Given gold´s perceived role as a safe haven there have been many comments in the media about gold´s “surprising” 10% or so decline in price during the recent market turmoil when many commentators were expecting it to soar in value.
In reality tthe 10% decline is from the peak price achieved at the beginning of March. Year to date it has fallen 2.3% but over 12 months it has gained over 13% – in dollar terms.
Ishares SGLN Physical Gold US$ (year to date) |
Ishares SGLN Physical Gold US$ (12 months) |
UK investors have fared better as in sterling terms gold has increased by 8.8% year to date due to the fall in sterling against the dollar and by 29% over the last 12 months showing the value of gold as protection against currency devaluations.

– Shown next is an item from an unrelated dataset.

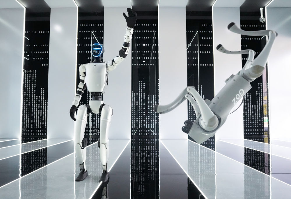 2025年3月1日,在杭州宇樹科技有限公司的產(chǎn)品展示中心,人形機(jī)器人和四足機(jī)器人在工作人員控制下做動(dòng)作。人形機(jī)器人是人工智能技術(shù)的集成體現(xiàn),在這個(gè)未來(lái)產(chǎn)業(yè)的重要賽道上,一大批中國(guó)企業(yè)深耕技術(shù)、持續(xù)創(chuàng)新,國(guó)產(chǎn)機(jī)器人正在跑出“加速度”。

Russ Mould of AJ Bell in an article today gives the principal reason for gold´s recent price decline as the need of traders and investors to raise cash to “meet margin calls, settle fund redemptions or simply rustle up ready cash”. He sees the situation as analogous to the 2008 crash when gold behaved similarly but rallied strongly once investors had more confidence in the markets. I hold some gold via Ishares SGLN in my Permanent Portfolio and although I had hoped for more than its 3.4% rise since September 2019 is certainly better than the 18%+ fall in the equity part of the portfolio (overall portfolio decline of 3.7%).